**Problem:** Omit the pictures and return exactly the stretch of the material below from the line with "The Engine Control" through the line with "Using Screen Recorder".

**Supplied material:**
——
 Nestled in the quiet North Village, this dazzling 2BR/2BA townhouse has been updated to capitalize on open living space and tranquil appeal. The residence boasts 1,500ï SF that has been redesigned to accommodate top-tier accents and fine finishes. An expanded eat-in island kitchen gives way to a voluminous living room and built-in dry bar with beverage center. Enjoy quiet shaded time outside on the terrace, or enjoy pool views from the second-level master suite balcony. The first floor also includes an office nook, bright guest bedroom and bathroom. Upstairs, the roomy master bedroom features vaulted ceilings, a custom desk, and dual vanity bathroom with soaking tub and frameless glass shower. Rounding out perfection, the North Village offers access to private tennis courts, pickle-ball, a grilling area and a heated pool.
——
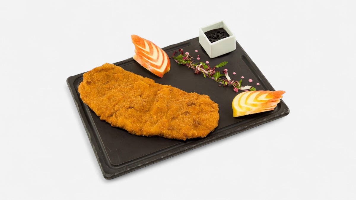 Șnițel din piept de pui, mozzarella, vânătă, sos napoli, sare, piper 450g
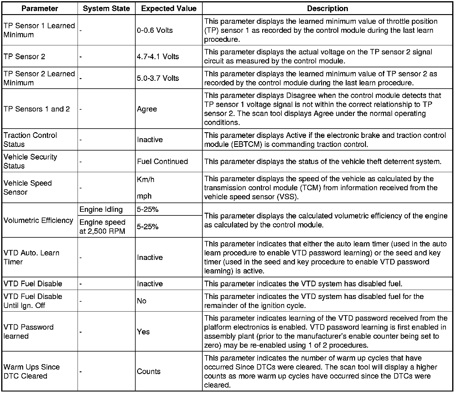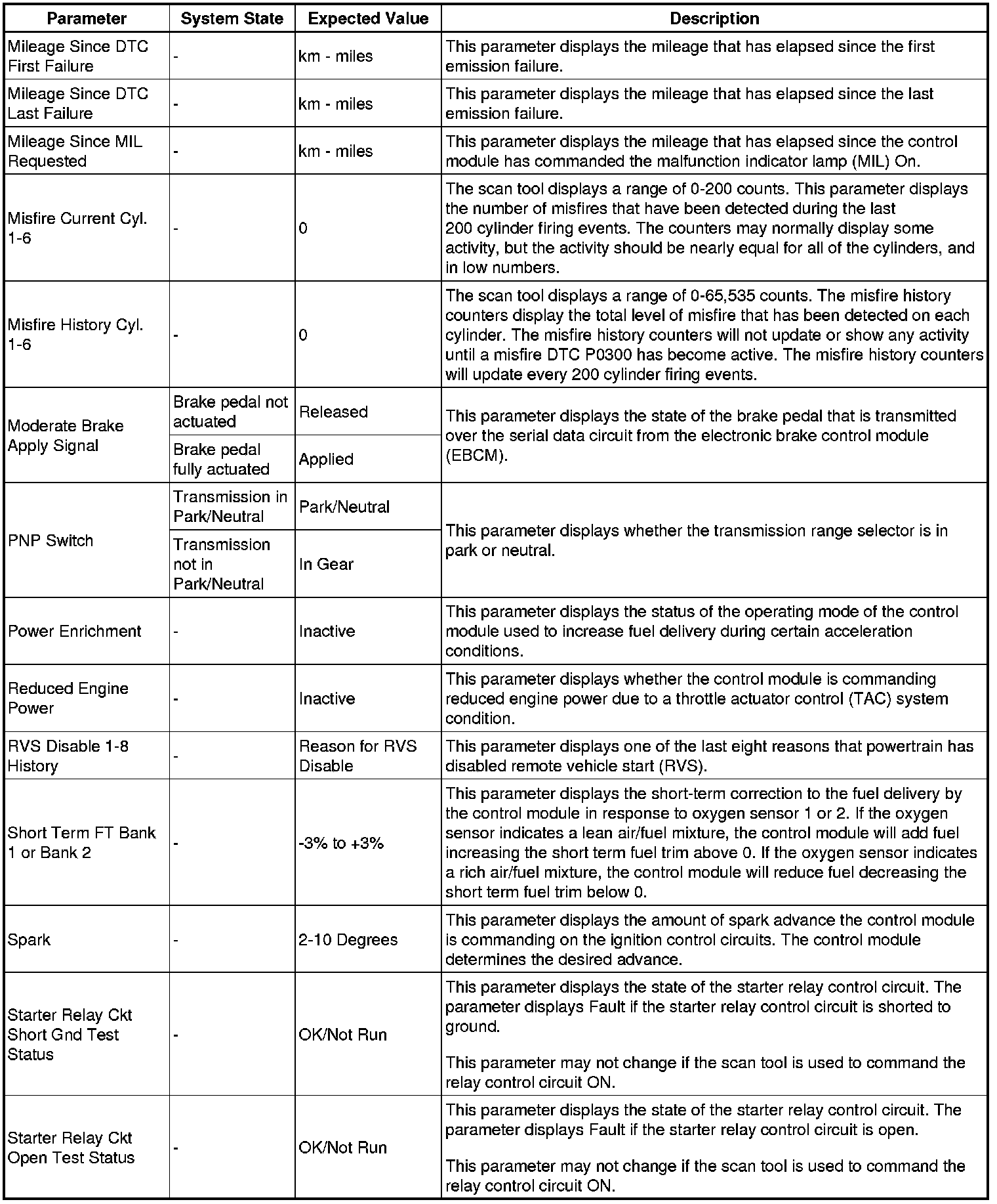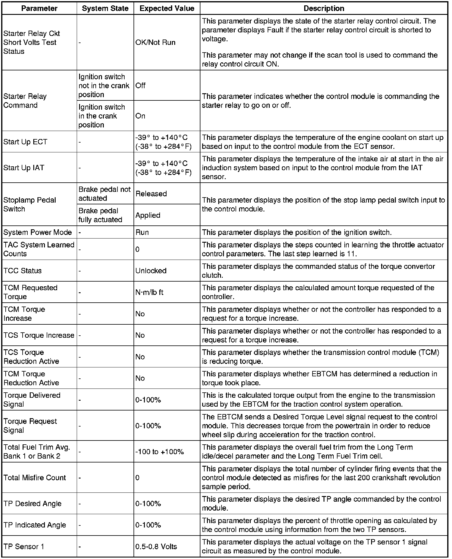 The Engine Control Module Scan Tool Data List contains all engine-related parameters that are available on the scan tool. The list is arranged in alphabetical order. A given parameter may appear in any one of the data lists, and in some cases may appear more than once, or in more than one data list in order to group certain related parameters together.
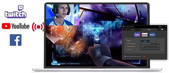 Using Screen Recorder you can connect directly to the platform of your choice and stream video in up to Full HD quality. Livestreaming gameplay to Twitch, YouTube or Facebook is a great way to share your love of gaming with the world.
——
**Expected answer:**
 The Engine Control Module Scan Tool Data List contains all engine-related parameters that are available on the scan tool. The list is arranged in alphabetical order. A given parameter may appear in any one of the data lists, and in some cases may appear more than once, or in more than one data list in order to group certain related parameters together.
 Using Screen Recorder you can connect directly to the platform of your choice and stream video in up to Full HD quality. Livestreaming gameplay to Twitch, YouTube or Facebook is a great way to share your love of gaming with the world.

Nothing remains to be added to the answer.